-- MATERIALS PROVIDED follows --

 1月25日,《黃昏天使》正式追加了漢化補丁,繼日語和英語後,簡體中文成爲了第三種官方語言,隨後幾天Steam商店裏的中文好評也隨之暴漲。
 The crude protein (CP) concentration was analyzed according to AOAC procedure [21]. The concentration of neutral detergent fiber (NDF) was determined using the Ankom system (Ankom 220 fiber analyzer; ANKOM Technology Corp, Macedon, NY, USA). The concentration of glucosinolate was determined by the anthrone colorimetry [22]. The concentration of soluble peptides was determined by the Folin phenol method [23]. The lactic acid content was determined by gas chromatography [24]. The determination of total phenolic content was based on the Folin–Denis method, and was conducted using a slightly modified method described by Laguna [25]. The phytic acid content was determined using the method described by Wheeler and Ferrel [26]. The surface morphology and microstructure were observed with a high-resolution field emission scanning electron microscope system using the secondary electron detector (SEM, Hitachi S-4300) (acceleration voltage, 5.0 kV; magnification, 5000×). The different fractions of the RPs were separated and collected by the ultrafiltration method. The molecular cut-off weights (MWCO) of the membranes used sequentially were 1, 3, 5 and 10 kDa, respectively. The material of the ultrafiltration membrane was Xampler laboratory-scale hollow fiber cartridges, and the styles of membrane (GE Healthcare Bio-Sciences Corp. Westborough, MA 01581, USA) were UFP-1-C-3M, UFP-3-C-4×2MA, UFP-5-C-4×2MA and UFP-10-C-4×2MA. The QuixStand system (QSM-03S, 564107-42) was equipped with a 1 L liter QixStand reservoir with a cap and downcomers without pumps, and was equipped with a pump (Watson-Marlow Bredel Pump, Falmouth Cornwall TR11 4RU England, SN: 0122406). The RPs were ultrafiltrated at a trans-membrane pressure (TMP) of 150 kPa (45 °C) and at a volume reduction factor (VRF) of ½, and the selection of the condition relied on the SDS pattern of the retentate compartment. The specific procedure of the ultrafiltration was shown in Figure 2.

-- MATERIALS PROVIDED concluded --
-- MATERIALS PROVIDED follows --

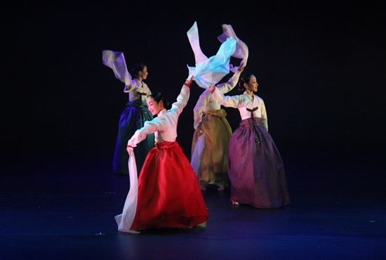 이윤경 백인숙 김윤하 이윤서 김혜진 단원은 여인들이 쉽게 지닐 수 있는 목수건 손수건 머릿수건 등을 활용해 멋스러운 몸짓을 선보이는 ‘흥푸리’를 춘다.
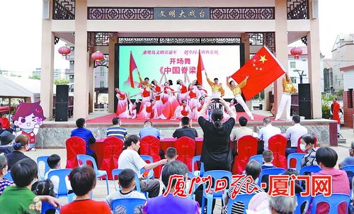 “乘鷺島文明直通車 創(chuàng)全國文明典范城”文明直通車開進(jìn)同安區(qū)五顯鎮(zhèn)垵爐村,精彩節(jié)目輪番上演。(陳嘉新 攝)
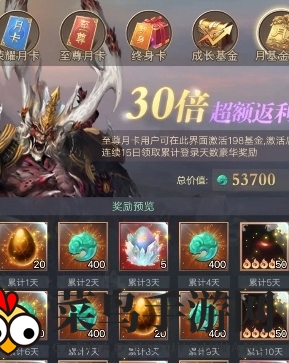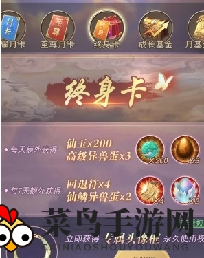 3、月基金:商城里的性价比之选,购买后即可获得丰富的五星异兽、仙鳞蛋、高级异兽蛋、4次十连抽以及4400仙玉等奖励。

-- MATERIALS PROVIDED concluded --
-- MATERIALS PROVIDED follows --

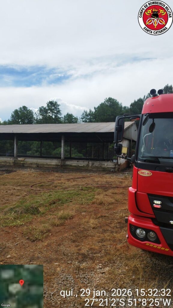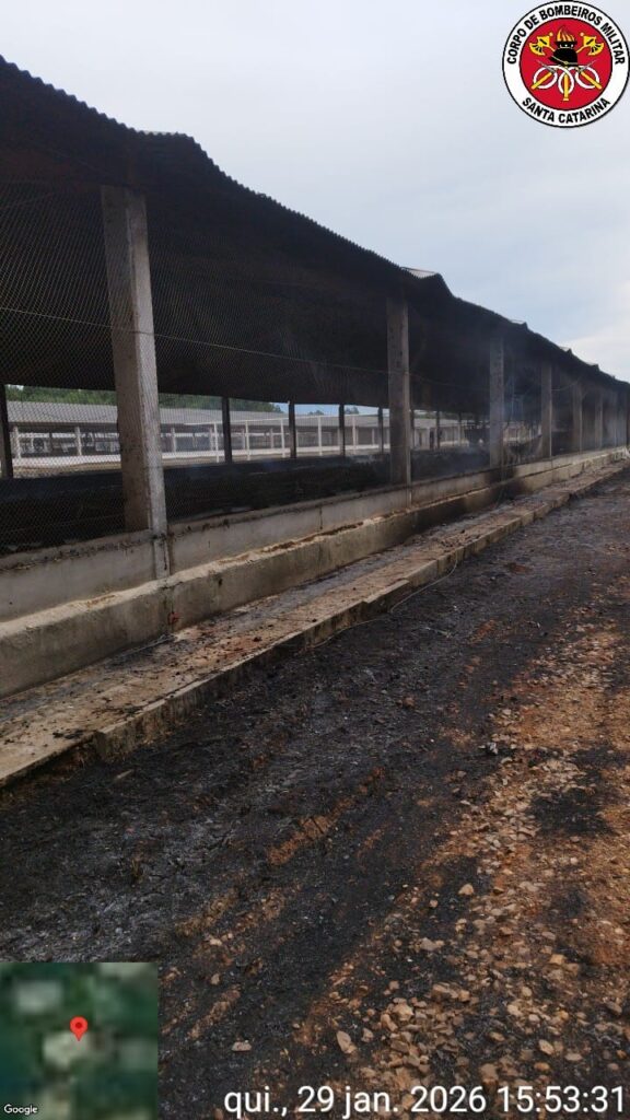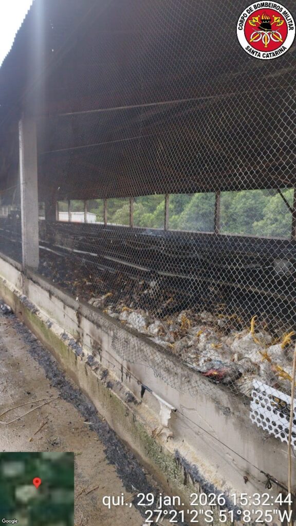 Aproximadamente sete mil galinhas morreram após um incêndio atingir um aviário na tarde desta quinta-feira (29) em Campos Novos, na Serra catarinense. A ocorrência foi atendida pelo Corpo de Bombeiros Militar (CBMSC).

-- MATERIALS PROVIDED concluded --

REQUIRED WORK> What you return must match the lines above from the one with "이윤경 백인숙 김윤하" through the one with "3、月基金:商城里的性价比之" exactly, with both ends included and the pictures excluded.

SOLVED PROBLEM>
 이윤경 백인숙 김윤하 이윤서 김혜진 단원은 여인들이 쉽게 지닐 수 있는 목수건 손수건 머릿수건 등을 활용해 멋스러운 몸짓을 선보이는 ‘흥푸리’를 춘다.
 “乘鷺島文明直通車 創(chuàng)全國文明典范城”文明直通車開進(jìn)同安區(qū)五顯鎮(zhèn)垵爐村,精彩節(jié)目輪番上演。(陳嘉新 攝)
 3、月基金:商城里的性价比之选,购买后即可获得丰富的五星异兽、仙鳞蛋、高级异兽蛋、4次十连抽以及4400仙玉等奖励。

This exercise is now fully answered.